Colchicina (Sigma) y Verapamil (Sigma) fueron solubilizadas en agua bidestilada, Azatioprina (AZA) (Sigma) fue solubilizada en DMSO (Merck), Ciclosporina A (CsA) fue cedida por Sandoz AG, Tacrolimus® (FK506) fue cedida por Fujisawa España, ambos fueron solubilizados en etanol absoluto (Merck).
Los ensayos de citotoxicidad para las líneas renales se realizaron sembrando 5000 células/pocillo, durante la fase de crecimiento exponencial, en placas de 96 pocillos (Falcon). Después de 16 h a 37 ºC, se adicionó MEM con inmunosupresores (IS) en concentraciones decrecientes para cada línea y se incubaron durante 6 días a 37 ºC, cambiando el MEM con IS cada dos días. Terminado el período de incubación se estimó, mediante técnicas colorimétricas la densidad celular y su viabilidad empleando bromuro de 3-[4,5-dimetiltiazol-2-il]-2,5-difenil-tetrazolio (MTT) (Sigma) a una concentración de 5 mg de MTT/mL de tampón fosfato salino (PBS) (Sigma) de acuerdo con un método descrito previamente23, los ensayos se realizaron por triplicado.
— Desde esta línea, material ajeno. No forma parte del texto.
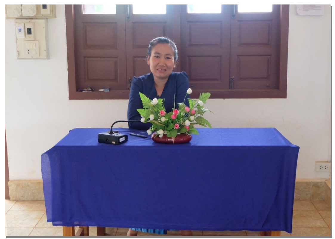
The invited teacher
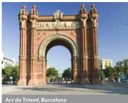
Arc de Triomf, Barcelona
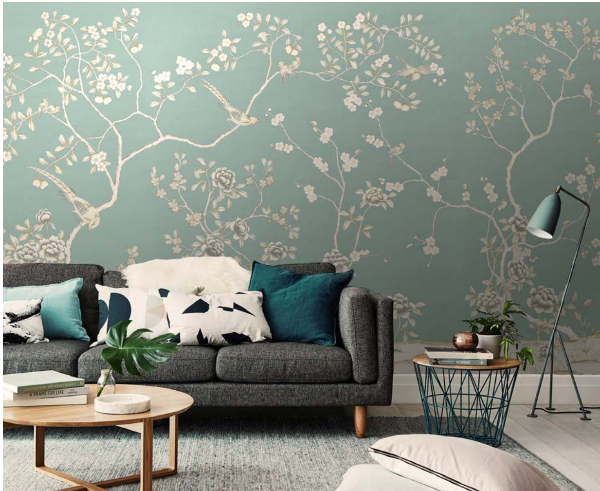
Maysong Aqua on paper weave
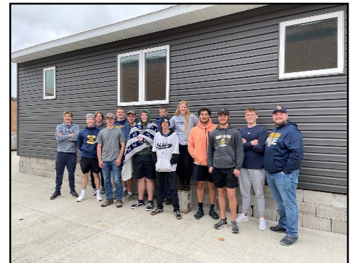
Spartan Build Team - North High School
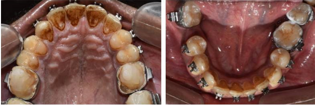
Fig. 13: Bracket placement and the adhesive bite-blocks
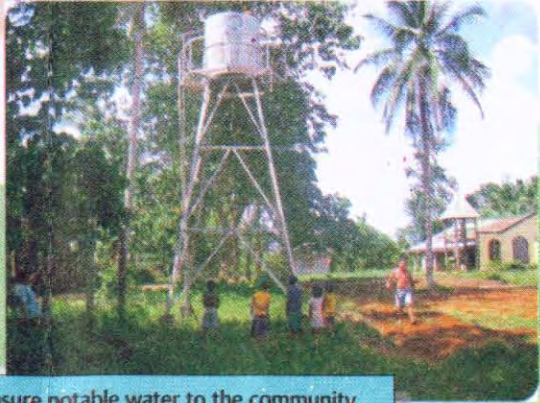
Water tank to ensure potable water to the community.
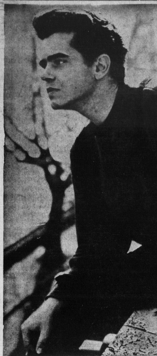
TO DO 1967 PHOTO-BOOK Painter - photographer Roloff Beny has been commissioned to do a photo-book on Canada for the 1967 centennial of Confederation. A native of
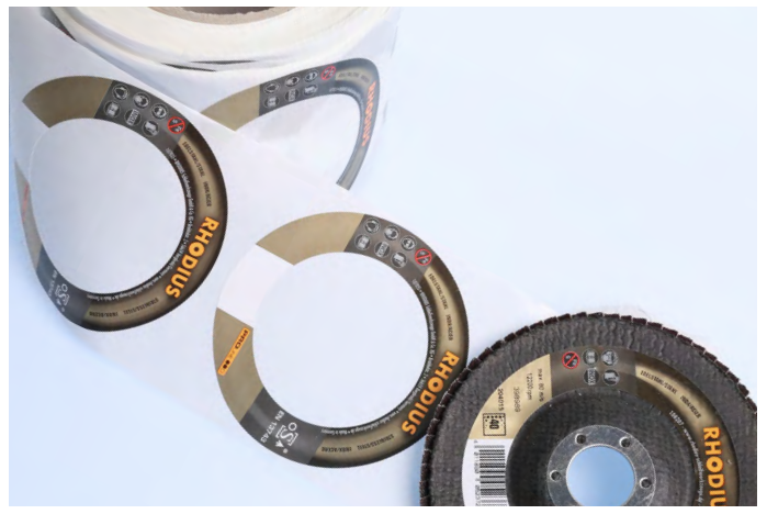
Self-adhesive, punched tag label for tools
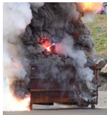
Illegal fireworks go up in smoke.
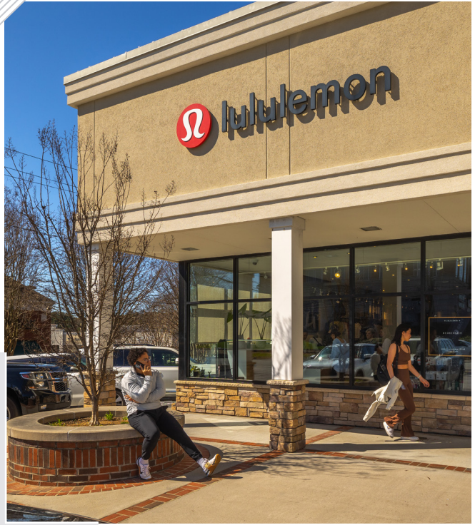
THRUWAY, WINSTON-SALEM, NC

House, respectively. Additionally, our dividend reinvestment plan supplements our borrowing availability and operating cash flow to ensure adequate liquidity.
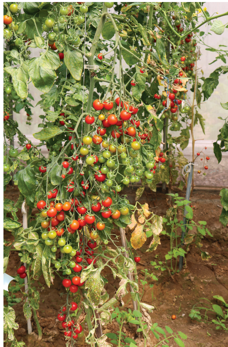
Plant of tomato variety Pusa Red Cherry Tomato-3 in fruiting stage

Staking should be initiated 20–25 days after transplanting. Plants are tied loosely to vertical stakes using soft ties. All lateral shoots are removed early to maintain a single or double stem system. Plants are supported with plastic twine or clips attached to overhead support wires placed 8–10 feet above ground level. Continuous pruning of side shoots throughout the crop duration improves fruit quality. After the first harvest, lower leaves up to one foot above the ground should be removed to enhance ventilation and reduce disease incidence.
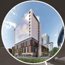
FLATS EAST BANK DEVELOPMENT
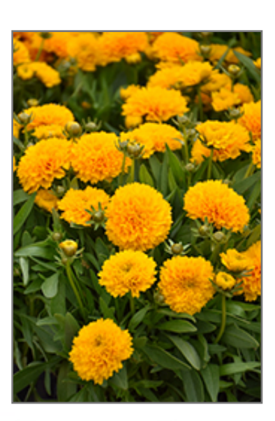
Solanna Golden Sphere Tickseed flowers

This plant should only be grown in full sunlight. It does best in average to evenly moist conditions, but will not tolerate standing water. It is not particular as to soil pH, but grows best in poor soils. It is somewhat tolerant of urban pollution. This is a selection of a native North American species. It can be propagated by division; however, as a cultivated variety, be aware that it may be subject to certain restrictions or prohibitions on propagation.
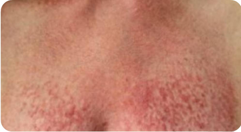
Figure 1a. The patient presented with shallow, crusted blistering in the neck and chest regions (Shawl's sign)—courtesy: Caribbean kidney and medical center, Saint Vincent and the Grenadines.
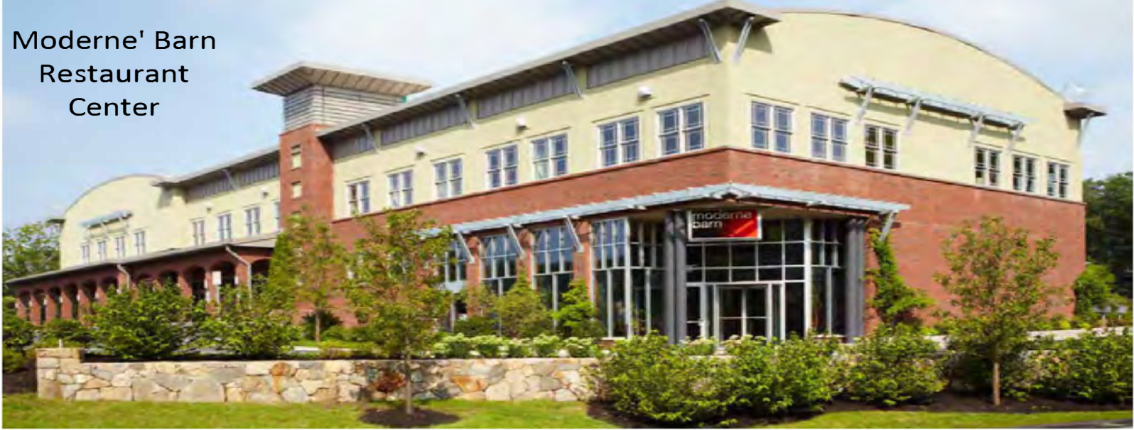
Moderne' Barn Restaurant Center

Para la obtención de las curvas dosis-respuestas se calculó el porcentaje de supervivencia (%T/C) después de 6 días de incubación, que resultó de dividir la absorbacia media de las células tratadas (T) por la absorbancia media de las células control (C) y multiplicando por 100. El número de células fue calculado a partir de curvas patrón elaboradas para determinar los valores de absorbancia por el número de células. A partir de las curvas dosis-respuesta se determinó la concentración que inhibía el crecimiento celular al 50% (IC50) y la concentración que inhibía el crecimiento celular al 70% (IC70), para línea celular y para cada IS.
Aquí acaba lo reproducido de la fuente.